Trump attacks civil rights leader who questioned his election win
President-elect Donald Trump began a long holiday weekend that honors slain black civil rights leader Martin Luther King Jr. by attacking another rights activist and politician who had said he doesn't see Trump as a "legitimate president".
Democratic Representative John Lewis, of Georgia, said on a segment of "Meet the Press" released by NBC on Friday he thought hacking by Russians had helped Trump, a Republican, get elected in November. Lewis said he does not plan to attend Trump's Jan. 20 inauguration, the first time he would miss such an event since being elected to the House in 1986.
On Saturday Trump tweeted that Lewis had falsely complained about the election results and instead "should spend more time on fixing and helping his district, which is in horrible shape and falling apart (not to mention crime infested)."
"All talk, talk, talk - no action or results. Sad!" Trump tweeted.
During the campaign, Trump said Democrats had failed African-Americans and Hispanics. "What the hell do you have to lose? Give me a chance," he said at a rally last year in Ohio.
Trump won the presidency with less support from black and Hispanic voters than any president in the last 40 years, only 8 percent and 28 percent respectively, polling data showed.
Lewis, who has been a civil rights leader for more than half a century, was beaten by police during a march he helped lead in 1965 in Selma, Alabama, drawing attention to hurdles for blacks to vote. He protested alongside King that day and on other occasions.
"I believe in forgiveness," Lewis said in the NBC segment about Trump. "I believe in trying to work with people," he said. "It's going to be very difficult. I don't see this president-elect as a legitimate president."
At least 10 other Democratic U.S. politicians have also said they plan to skip the inauguration including Representatives Raul Grijalva, Lacy Clay and Mark Takano.
Supporters of Trump see him as a brash person who tells things as they are. His comments about Lewis came ahead of an anti-Trump march in Washington headed by the Rev. Al Sharpton. The protest by about 2,000 marchers kicked off a week of rallies planned by dozens of groups against Trump before, during and after the inauguration.
DisruptJ20, which is working with Black Lives Matter and other protest groups, said they are planning to disrupt balls celebrating the inauguration in Washington.
Several of Trump's fellow Republicans also criticized the president-elect's tweets.
Michael Steele, who served as the first black chairman of the Republican National Committee until 2011, said Trump's tweets were unfortunate.
"John Lewis has a walk that very few people in this country, least of all Donald Trump, have ever walked, so you have to respect that," Steele said on MSNBC.

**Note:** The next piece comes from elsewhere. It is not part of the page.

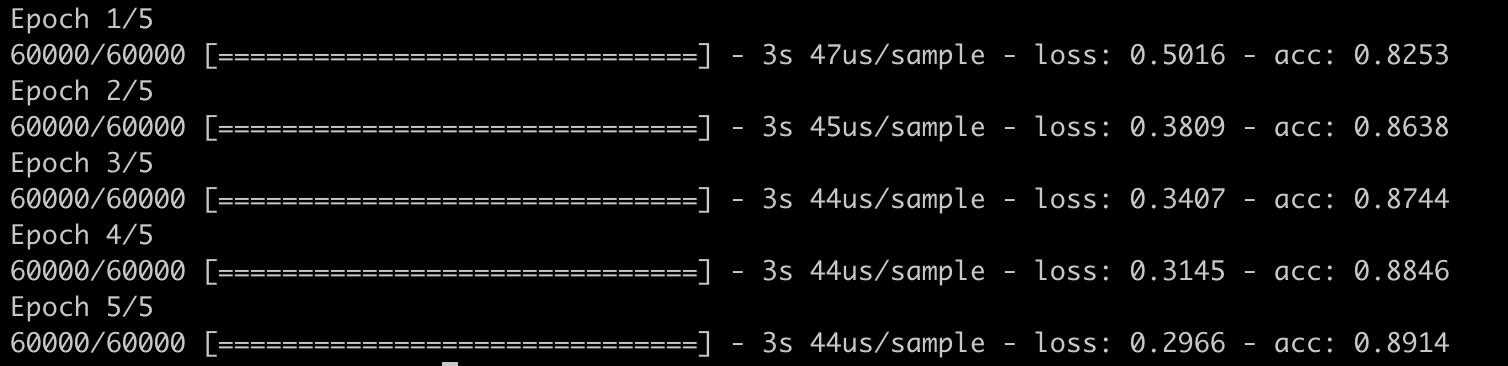 当训练完成后,我们可以看到模型的acc,就是0.8914这个数字。这个数字的含义是,我们的模型预测训练数据时,有89%的数据是准确的。这个指标不算好,但是考虑到我们只训练了5个epoch,且很快完成了训练,这个结果也是不错的了。

If Trump is looking to fix a bridge to black voters, their expectation is he "will do so in a way that shows respect for our leadership," Steele said.
Senator Ben Sasse of Nebraska tweeted that "John Lewis and his 'talk' have changed the world."
Conservative critic Bill Kristol tweeted "It's telling, I'm afraid, that Donald Trump treats (Russian President) Vladimir Putin with more respect than he does John Lewis."